The Music Modernization Act is now the law of the land, thanks to a signature from President Trump.  The signing ceremony, which occurred shortly after noon ET, involved a long list of songwriters and famous musicians.

The bill, officially listed as “H.R. 1551, the Orrin G. Hatch-Bob Goodlatte Music Modernization Act’,” was praised as a progressive step forward by Trump.

Accordingly, Utah Senator Orrin Hatch and Virginia Representative Bob Goodlatte were also on hand to praise the passage of the bill.

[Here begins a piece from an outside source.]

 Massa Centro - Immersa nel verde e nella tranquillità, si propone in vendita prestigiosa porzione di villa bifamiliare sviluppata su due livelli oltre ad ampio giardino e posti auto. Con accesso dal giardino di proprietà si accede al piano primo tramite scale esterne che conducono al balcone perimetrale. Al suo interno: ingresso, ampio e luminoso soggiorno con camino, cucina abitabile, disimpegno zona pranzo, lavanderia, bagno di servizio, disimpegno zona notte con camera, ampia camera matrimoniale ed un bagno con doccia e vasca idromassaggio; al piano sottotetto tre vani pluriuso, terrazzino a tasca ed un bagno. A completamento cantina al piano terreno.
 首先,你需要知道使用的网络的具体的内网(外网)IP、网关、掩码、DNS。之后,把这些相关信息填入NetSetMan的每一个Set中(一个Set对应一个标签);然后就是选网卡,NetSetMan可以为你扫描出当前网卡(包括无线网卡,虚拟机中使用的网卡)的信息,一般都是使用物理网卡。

The signing ceremony was first tipped by Digital Music News earlier this week, based on reports from numerous industry sources.  But we did get one thing wrong: Kanye West didn’t appear alongside President Trump for the signing as expected — or at least not close enough to be captured by the cameras.  That misinformation was unfortunately parroted by a number of other publications, including Variety, though it appears that the rapper is still slated to meet with the president and Jared Kushner to discuss other issues.

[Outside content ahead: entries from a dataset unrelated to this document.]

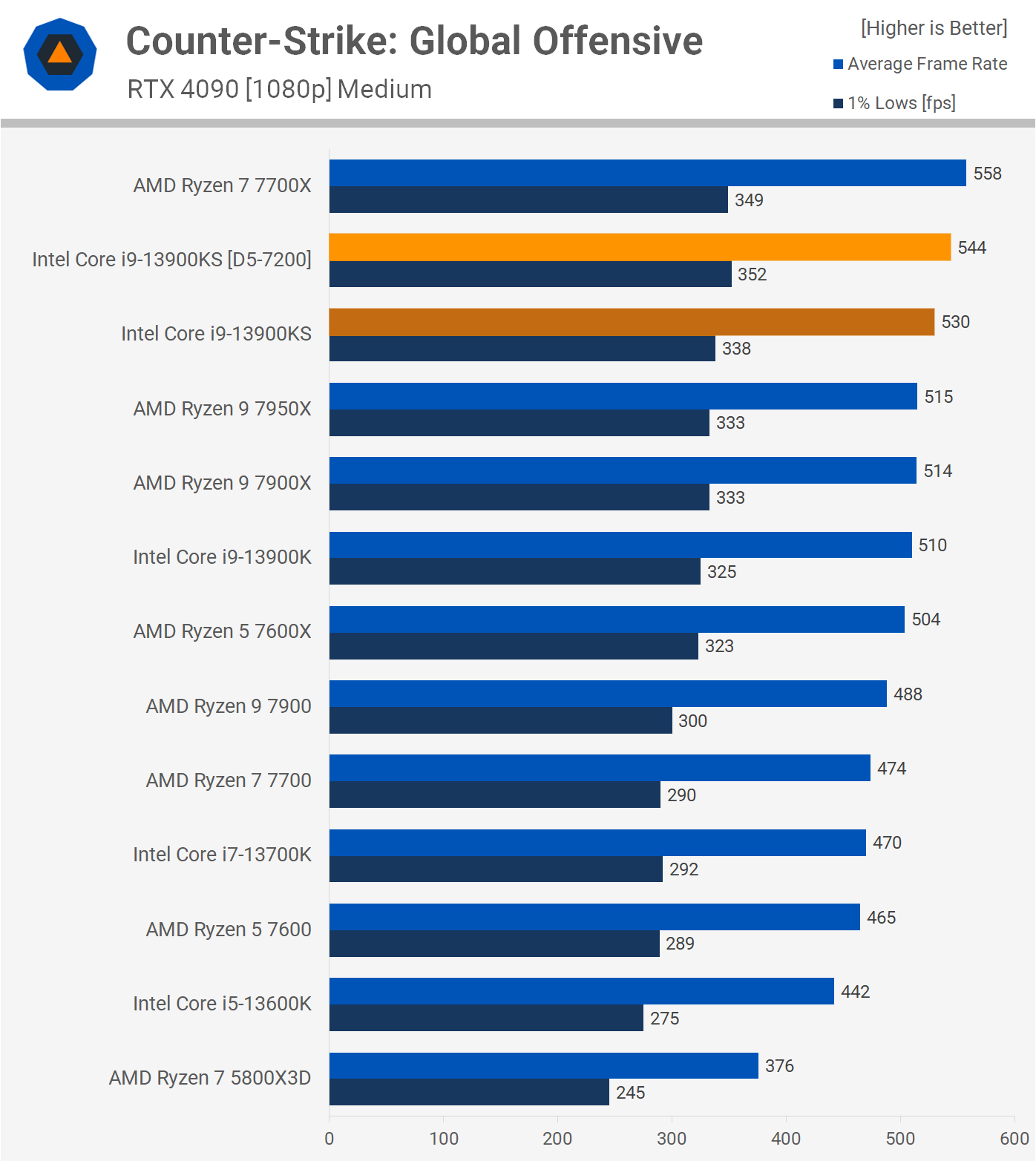 FPS mad CSGO players can enjoy a 20 fps boost at 1080p with the RTX 4090, that's a 4% delta, but for the 19300KS that's a big result and if you opt for DDR5-7200 memory you can push that up to 544 fps.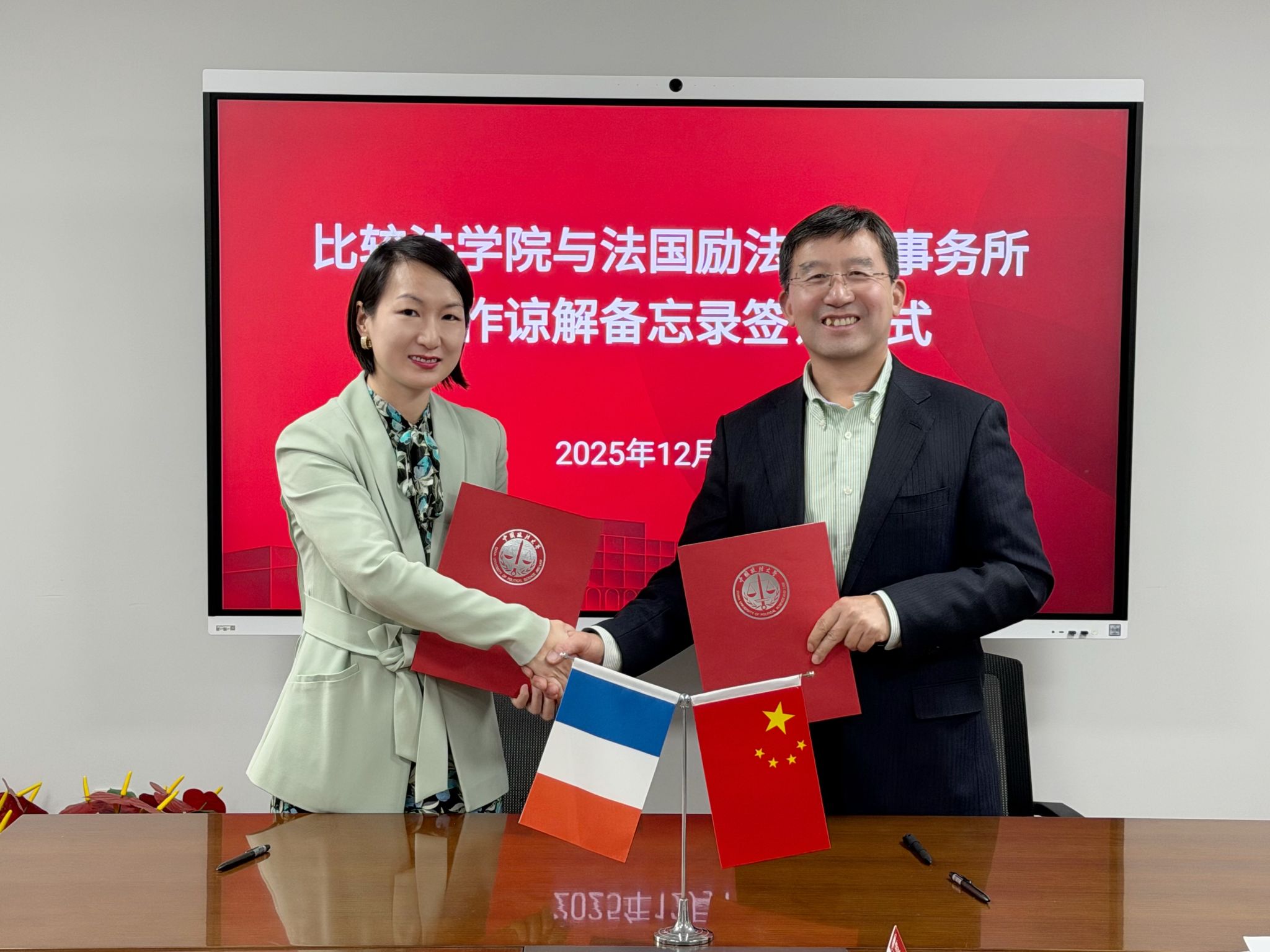 与会双方一致表示将在联合开设法国法相关课程、联合举办学术活动、提供学生赴法实习机会、设立优秀学生“励法奖学金”等方面展开进一步的合作并分别代表双方院所共同签订了合作谅解备忘录。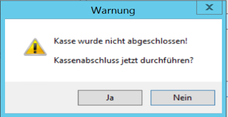 Es wird eine Prüfung vorgenommen, ob der Tagesabschluss durchgeführt wurde. Sollte dies nicht der Fall sein, erfolgt eine Warnung: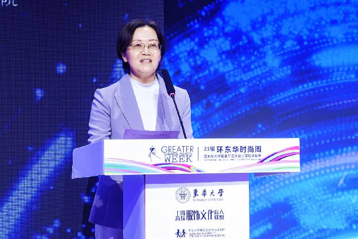 刘淑慧在致辞中表示,91club 始终坚持“四个面向”,聚焦国家重大战略与社会经济发展需求,大力推进“纺织+时尚”“材料+能源”“智能+健康”三大学科集群建设,并将时尚创意与设计创新作为学校核心优势纳入“十五五”发展规划重点布局。学校将积极支持91club 建设世界一流时尚特色设计学院,推动学科向系统化、生态化、跨域融合转型,打造具有全球辨识度的可持续时尚与设计创新策源地。她指出,环东华时尚周已成功举办二十三届,是推动设计、科技、文化与可持续发展深度融合,助力上海“设计之都、时尚之都、品牌之都”建设的重要平台。学校将持续深化政产学研协同创新,促进教育链、人才链、产业链和创新链有机衔接,持续激发时尚创意活力,为上海加快建成具有世界影响力的社会主义现代化国际大都市贡献力量。
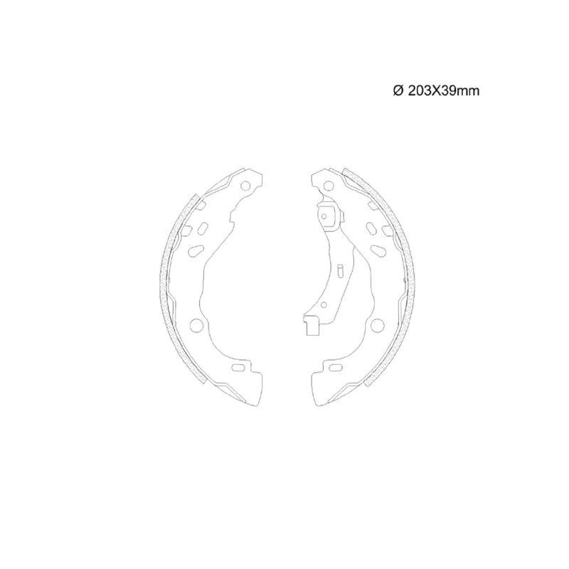Jogo de sapatas de freio. Propriedades - diâmetro 203mm; - largura 39mm; - Sistema de freio TRW. Observação: - utiliza-se 01 jogo por veículo.

West also didn’t get a speech, perhaps for obvious reasons.

Instead, the biggest celebrity sitting next to Trump was Kid Rock, a longtime and outspoken supporter of the president.  In a brief speech, Kid Rock heralded the Music Modernization Act as a big step forward for songwriters who toil in the background, often unrecognized and underpaid.

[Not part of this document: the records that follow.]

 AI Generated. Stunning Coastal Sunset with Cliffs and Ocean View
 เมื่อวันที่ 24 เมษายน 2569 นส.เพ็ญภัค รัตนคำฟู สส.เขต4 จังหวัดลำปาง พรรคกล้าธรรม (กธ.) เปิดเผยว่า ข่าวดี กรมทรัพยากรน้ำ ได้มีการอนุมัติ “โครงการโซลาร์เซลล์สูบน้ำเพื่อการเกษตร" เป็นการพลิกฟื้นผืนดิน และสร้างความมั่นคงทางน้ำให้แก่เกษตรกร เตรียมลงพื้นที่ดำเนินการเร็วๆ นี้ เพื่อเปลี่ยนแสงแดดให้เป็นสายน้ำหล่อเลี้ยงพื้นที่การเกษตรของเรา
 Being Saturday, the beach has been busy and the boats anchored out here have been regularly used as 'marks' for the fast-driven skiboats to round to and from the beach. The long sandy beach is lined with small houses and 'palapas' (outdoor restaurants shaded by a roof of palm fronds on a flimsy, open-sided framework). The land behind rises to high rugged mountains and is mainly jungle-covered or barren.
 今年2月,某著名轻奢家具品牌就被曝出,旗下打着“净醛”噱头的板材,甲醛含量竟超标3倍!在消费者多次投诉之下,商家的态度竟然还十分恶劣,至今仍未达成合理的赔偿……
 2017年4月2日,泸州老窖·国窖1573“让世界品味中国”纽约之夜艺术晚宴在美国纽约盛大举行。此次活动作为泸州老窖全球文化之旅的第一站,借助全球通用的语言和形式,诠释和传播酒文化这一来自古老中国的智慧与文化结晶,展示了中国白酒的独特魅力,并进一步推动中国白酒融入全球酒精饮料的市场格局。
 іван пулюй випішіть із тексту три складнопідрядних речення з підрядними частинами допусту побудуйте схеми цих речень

Kid Rock remarked that the music industry is “still a dirty business,” but noted that things will be cleaned up a bit by this legislation.

Other musicians on hand included John Rich, Craig Morgan, Jeff “Skunk” Baxter of the Doobie Brothers, Christian rock group MercyMe, and Mike Love of the Beach Boys.

Trump himself noted that the Act passed both the Senate and House of Representatives unanimously.  “How’d you do that?” Trump asked, while using the Act as proof that bipartisanship was possible.

“The Music Modernization Act closes loopholes in our digital royalties laws to ensure that songwriters, artists and producers receive fair payment for licensing of music,” Trump said. “They were treated very unfairly. They’re not going to be treated unfairly anymore.”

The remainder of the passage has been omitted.